Figure 4. Relationship between skin target identity and Aβ-LTMR brainstem synapses over development.

A. (left) AAV virus injection for skin type-specific labeling of Aβ-LTMR central projections with synaptophysin-tdTomato or synaptophysin-mScarlet, hereafter referred to as synaptophysin-FP (fluorescent protein). The GN and CN were sectioned in their entirety and stained for fluorescent proteins and synaptic markers. (right) The number of FP⁺ pre-synaptic boutons and axons ascending the dorsal column were identified in each sample. Representative example of labeled boutons apposed to the excitatory postsynaptic marker Homer1 in the GN (top). Both hairy and glabrous skin-innervating Aβ-LTMRs form syn-FP⁺ boutons apposed to Homer1⁺ puncta in the GN or CN. Representative example of labeled axons (arrows) ascending the dorsal column, in a transverse section of the cervical spinal cord (bottom). Arrows point to individual axons.

B-C. Quantification of the average number of FP⁺ pre-synaptic boutons formed by Aβ-LTMRs innervating different skin targets. Each data point represents one animal; the number of axons identified in each animal is shown in parentheses.
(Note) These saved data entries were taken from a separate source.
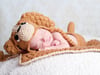 Capture timeless moment during baby's inaugural photoshoot with a darling Spaniel puppy hat, diaper cover, and snuggly blanket! This pattern is written row-by-row using US crochet terms, including crochet diagrams, step-by-step photos, and a conversion chart to UK terms.
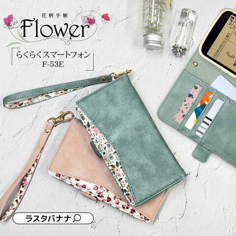ラスタバナナ らくらくスマートフォン F-53E 花柄手帳型ケース ライトブルー 8466F53EBHLBL
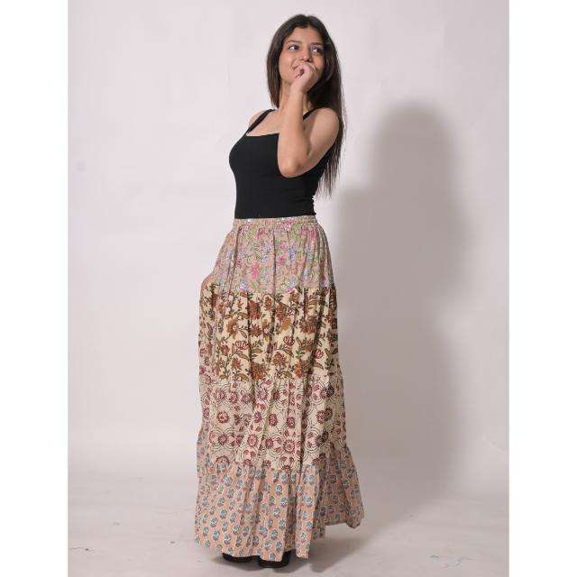 กระโปรงยาวสไตล์วินเทจผ้าฝ้ายปะติดปะต่อพิมพ์ลายบล็อก โบโฮ แม็กซี่สเกิร์ต ทำมือสำหรับผู้หญิง ใส่ไปงานเทศกาล ดีไซน์จีบ ซักได้
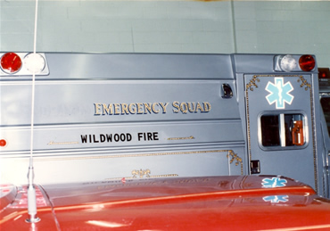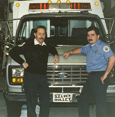 While waiting for delivery of a new ambulance, the Wildwood Fire Department used a "loaner" ambulance from VCI. At left, Larry Lillo and Chris D'Amico pose with the "Silver Bullet".
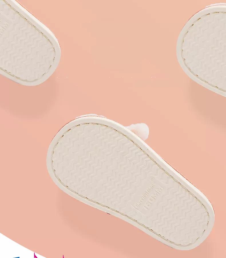 CM Aplic Bunny Face Elastic Grip Peach Warm Slippers 8153
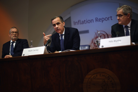 圖為英國央行行長馬克·卡尼(中)在報告發(fā)布會上發(fā)言。
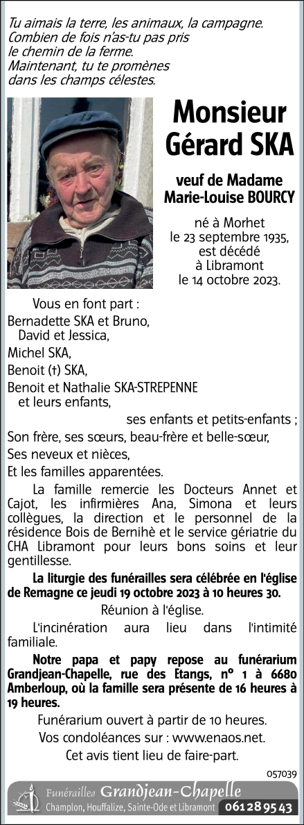 Décédé à Libramont (6800) le samedi 14 octobre 2023 à l'âge de 88 ans
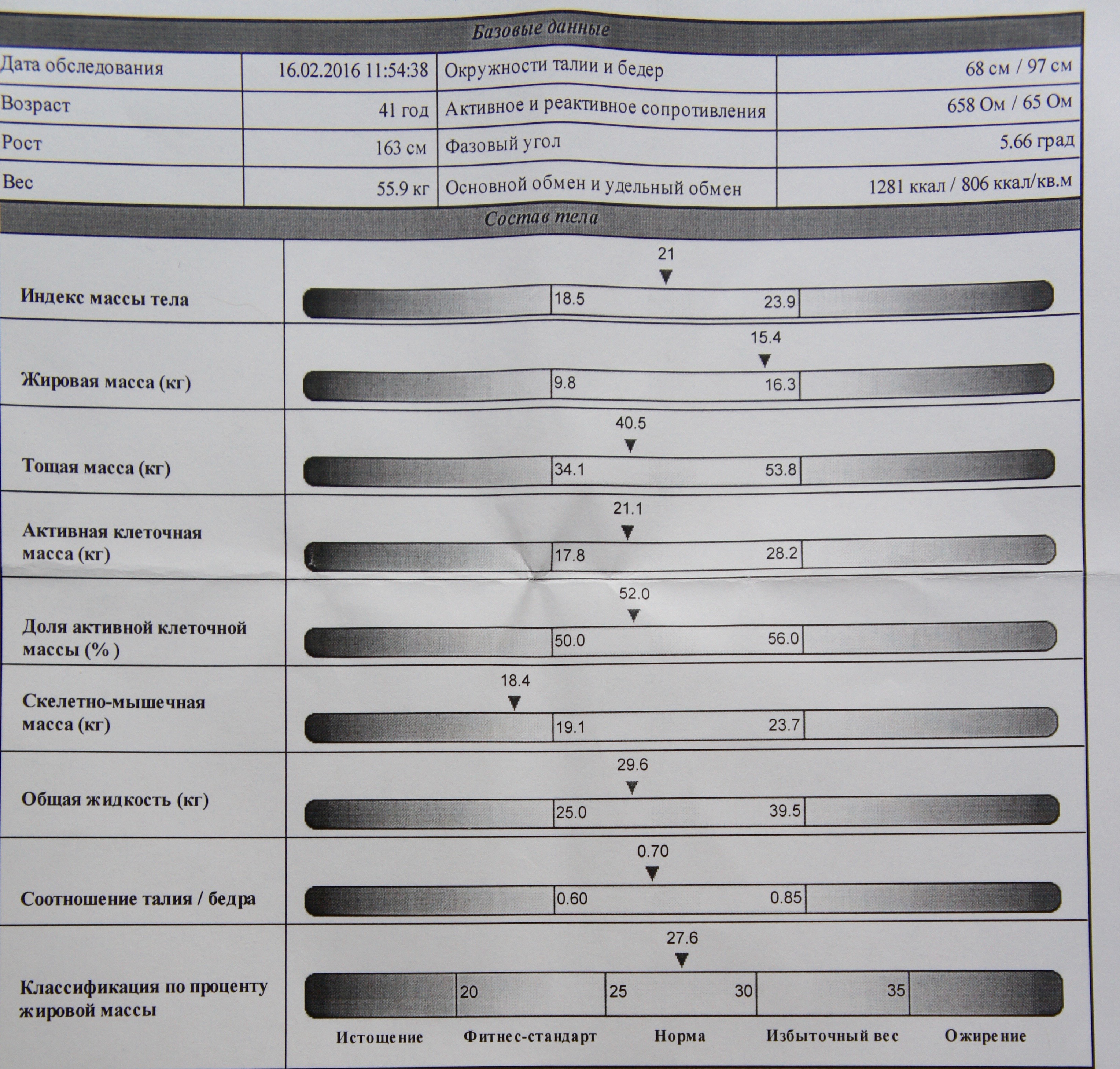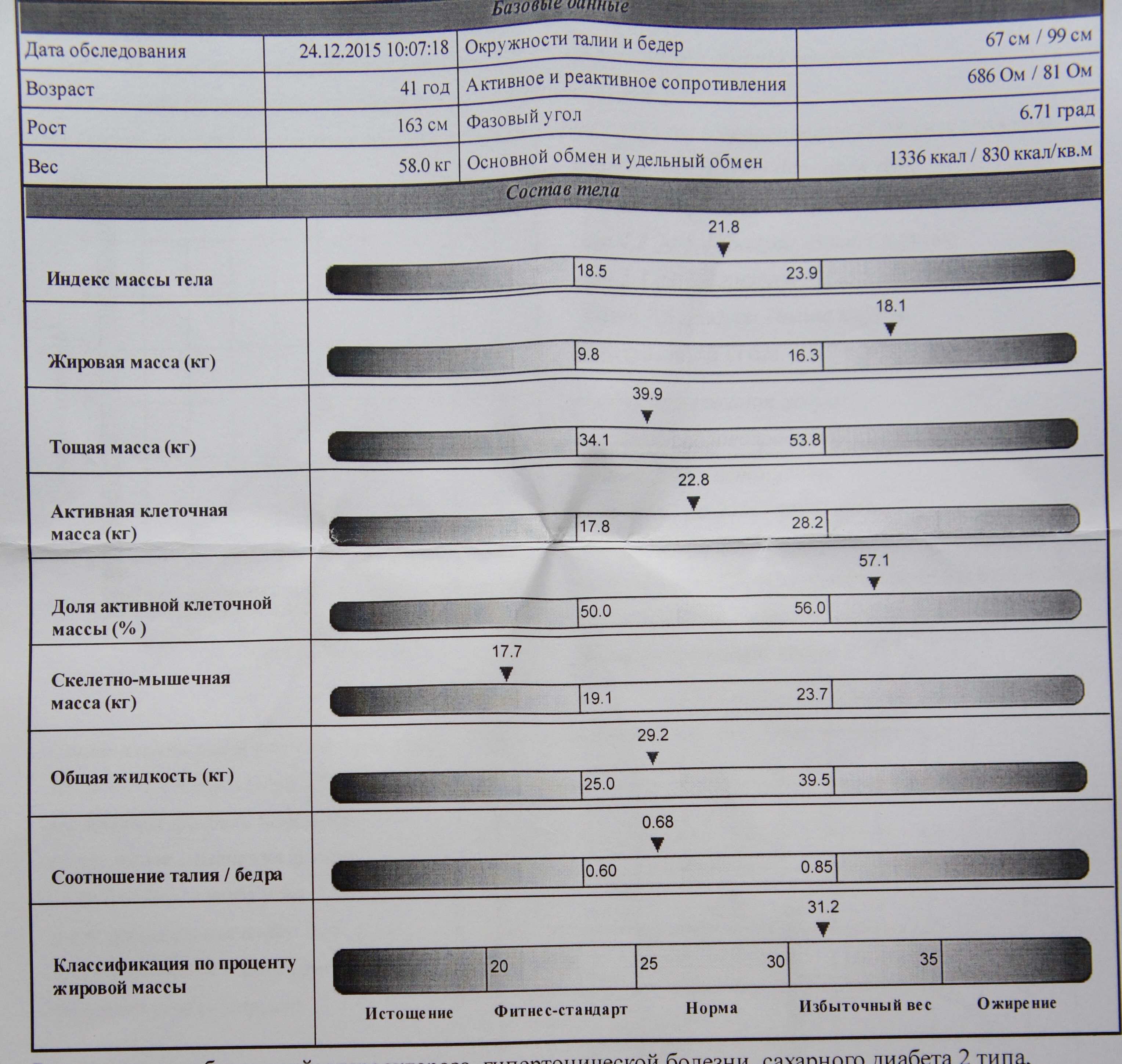 ИМТ 21, жировая масса: минус 2,7кг, теперь она в пределах нормы,
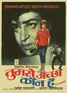 Tumse Achha Kaun Hai (transl. Who is better than you) is a 1969 Romantic-Comedy Drama Indian film, written by Sachin Bhowmick and produced-directed by Pramod Chakravorty. The film starred Shammi Kapoor, Babita, Mehmood, Lalita Pawar and Pran. The music was composed by the duo Shankar Jaikishan and song lyrics written by Hasrat Jaipuri.[1]
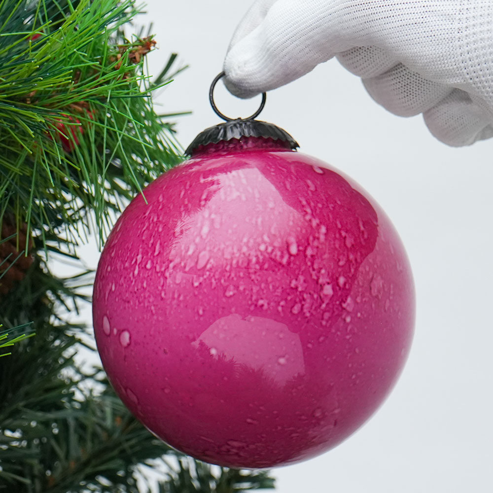 Pink Vintage Round Glass Christmas Ornament. Crafted from high-quality glass with a smooth glossy finish, this decorative bauble adds a classic and festive touch to Christmas trees, wreaths, and holiday displays.
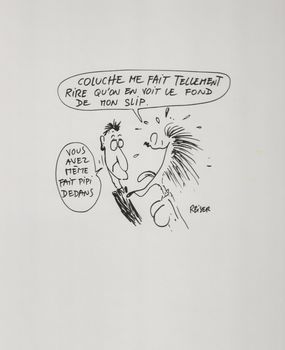 remarques: | les histoires de Coluche racontées et illustrées par Reiser pour les restos du coeur 1) préface par Wolinski des illustrations de Reiser comme des coups de griffe et un Coluche constamment drôle = une bête de scène 2) quelques bonnes histoires dont - la prostituée - la chouette (sujet pas très clair) - le moribond - le réfugié - la superstition - la jolie petite juive et le vilain nègre - les histoires de juifs - le cochon (= la meilleure histoire) >> des histoires comiques, cyniques et satiriques sur la société, sur la politique, la religion et l'économie empreintes de racisme et de sexe, il y en a des mûres et des pas mûres, mais surtout un graphisme spécial de Reiser avec un bon coloriage n.b. exemplaire représentatif des oeuvres de Reiser dont la bibliographe comme suit: Jean-Marc Reiser né en 1956 mort en 1983 du cancer, participe au lancement de Hara-Kiri, Charlie Hebdo, Charlie Mensuel, l'Echo des Savanes sans oublier le magazine écologiste "la Gueule ouverte", puis Reiser intègre l'équipe de Pilote et travaillera aussi pour la presse d'information (Le Monde, Le Nouvel Observateur), ses oeuvres principales: - ca va être ta fête - les copines - dessins cochons - l'écologie - la famille Oboulot en vacances - fous d'amour - gros dégueulasse - Jeanine - mon papa - on vit une époque formidable - phantasmes - la saison des amours - tam-tam - la vie au grand air - la vie des bêtes - vive les femmes - vive les vacances - - y en aura pour tout le monde |
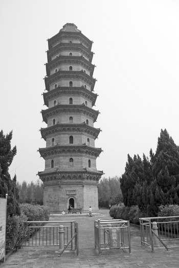 舍利塔为砖木结构的阁楼式砖塔,高61米,九级八面,每面长4.9米,通体近乎垂直,塔顶像个将军头盔。塔的外檐是夸木结构,有仿木陶质的出挑斗拱,转角斗拱下,垂着陶质的莲花垂柱,门楣上则镌刻“舍利宝塔”四字。
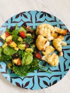 - Den Blumenkohl waschen, in Röschen zerteilen und den großen Strunk entfernen.Backofen auf 220 Grad vorheizen.Blumenkohl und Halloumi mit etwa 2 EL Olivenöl in eine Schüssel geben und mit den Gewürzen, sowie etwas Salz und wer möchte auch Pfeffer, vermischen. Dann alles auf ein Backblech verteilen und im Ofen (mittlere Schiene) goldbraun backen, gegebenenfalls wenden.Die gehakten Nüsse kurz vor Ende auf drüberstreuen.Dann mit z.Bsp. Salat anrichten und genießen 😋1 Blumenkohl, 40 gr gehackte Walnüsse, 2 EL Olivenöl, 1 TL Koriander, 1/2 TL Paprikapulver, 1 Packung Halloumi
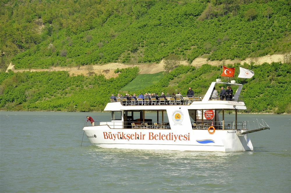 Suat Uğurlu Baraj Gölü üzerinde, misafirlerin Eynel Köprüsü ile Kirazlık Adası arasında gezmeleri için Samsunum 2 Gemisi ve küçük ölçekteki gezi teknesi hizmet vermektedir. Bununla birlikte geminin yanaşması için ilçemizin iki noktasında, Orhangazi Mahallesi ve Kirazlık Adası, iskele bulunmaktadır.
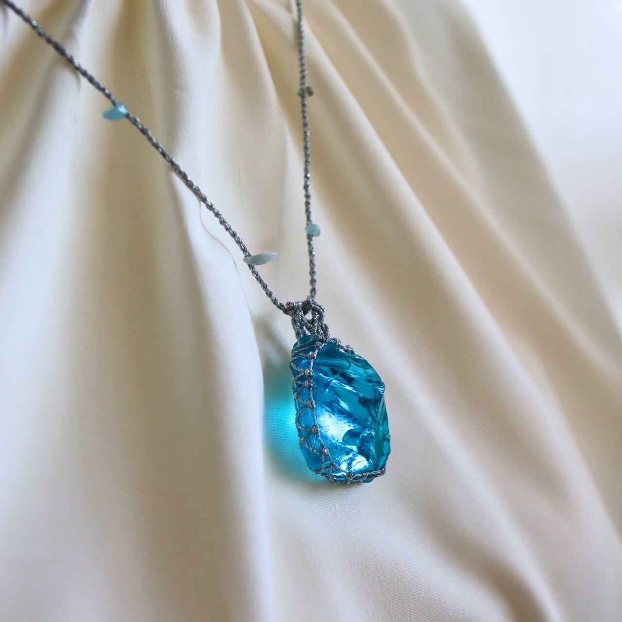 紐部分にアクアマリンのさざれ石を編み込みました。
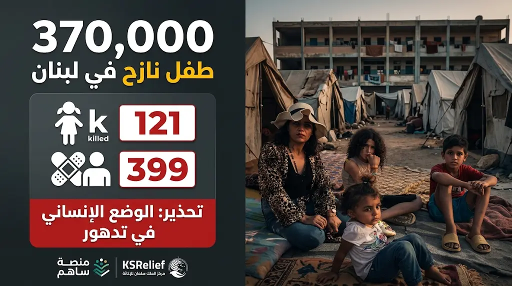 عدد الأطفال النازحين 370,000 طفل
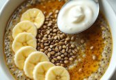 готовИмРекомендую покупать овсянку мелкого помола, они вкуснее намного.1.Смешиваем все ингредиенты для каши и отправляем฿микроволновку на 4 минуты.
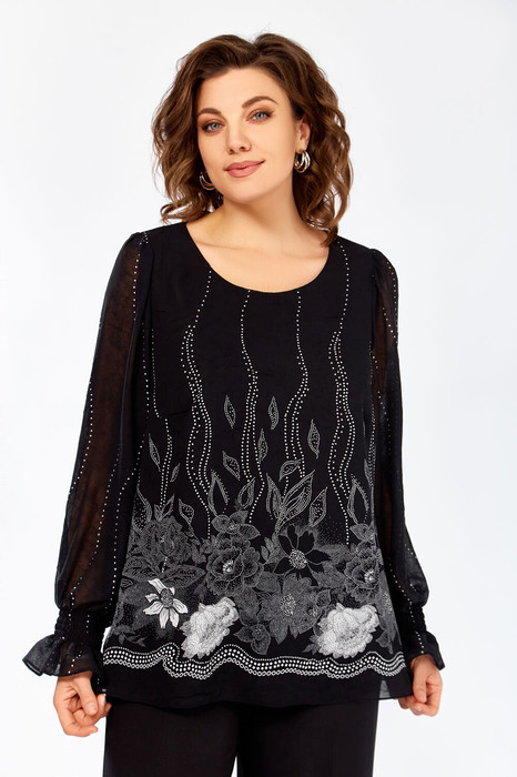 Блузка А-силуэта из нежной шифоновой ткани с лёгким эффектом «жатки», на подкладке из шифона. Полочка с нагрудными выточками, спинка без особенностей. Горловина круглая. Рукав втачной длинный по окату со сборкой, в нижней части собран на эластичную нить, которая внизу образует рюшу высотой 6 см.
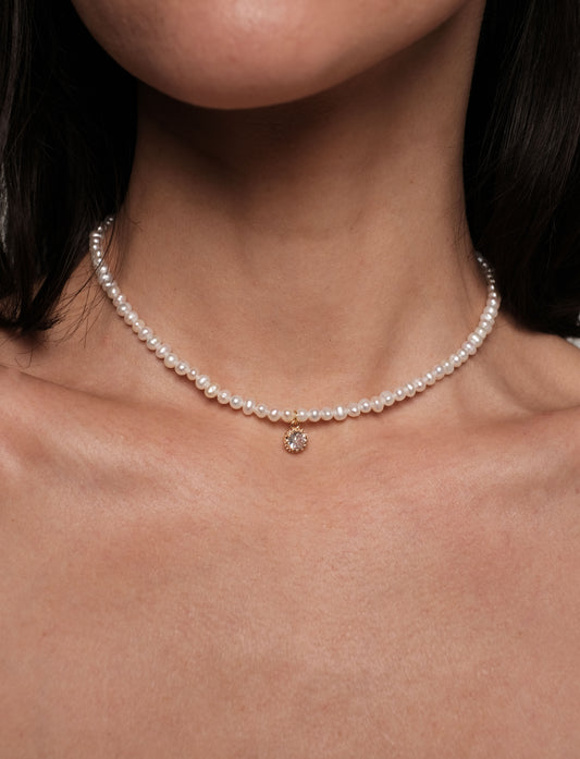 Dabīgo pērļu un mēness akmens kaklarota "Moon"
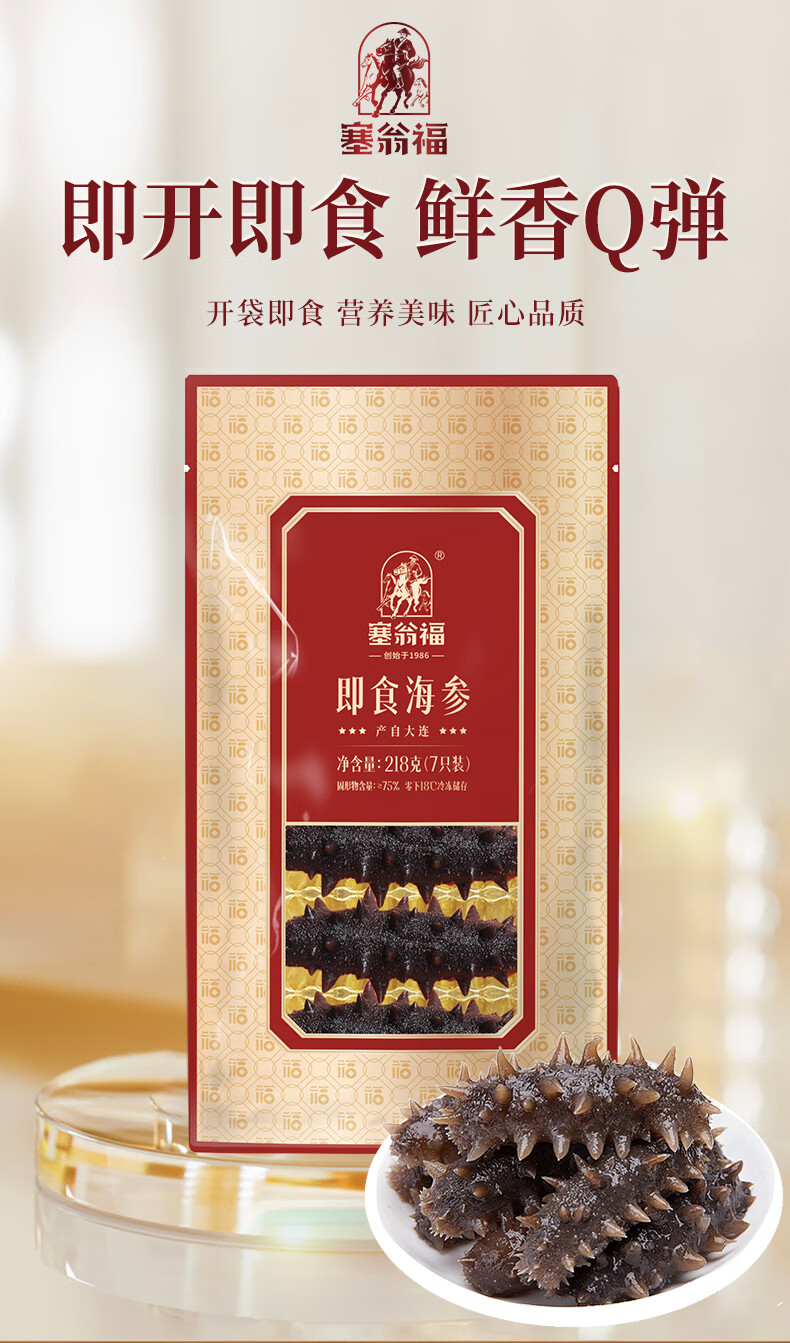 塞翁福 大连即食海参7只装 固形物75%以上 即食辽刺参 即食海参218g

B. Adult forepaw glabrous skin-innervating Aβ-LTMRs form more synapses than forepaw hairy skin-innervating Aβ-LTMRs in the CN (*p<0.05, Mann-Whitney U test).

C. At P14, hindpaw glabrous skin-innervating Aβ-LTMRs and hindlimb hairy skin-innervating Aβ-LTMRs form similar numbers of pre-synaptic boutons in the GN. At adult time points, paw glabrous skin Aβ-LTMRs form significantly more pre-synaptic boutons in the GN than paw or trunk hairy skin Aβ-LTMRs (p<0.01 Kruskal-Wallis one-way ANOVA, *p<0.01, Mann-Whitney U test with Bonferroni correction for multiple comparisons).

D. Summary of skin type-dependent synaptic refinement in Aβ-LTMRs.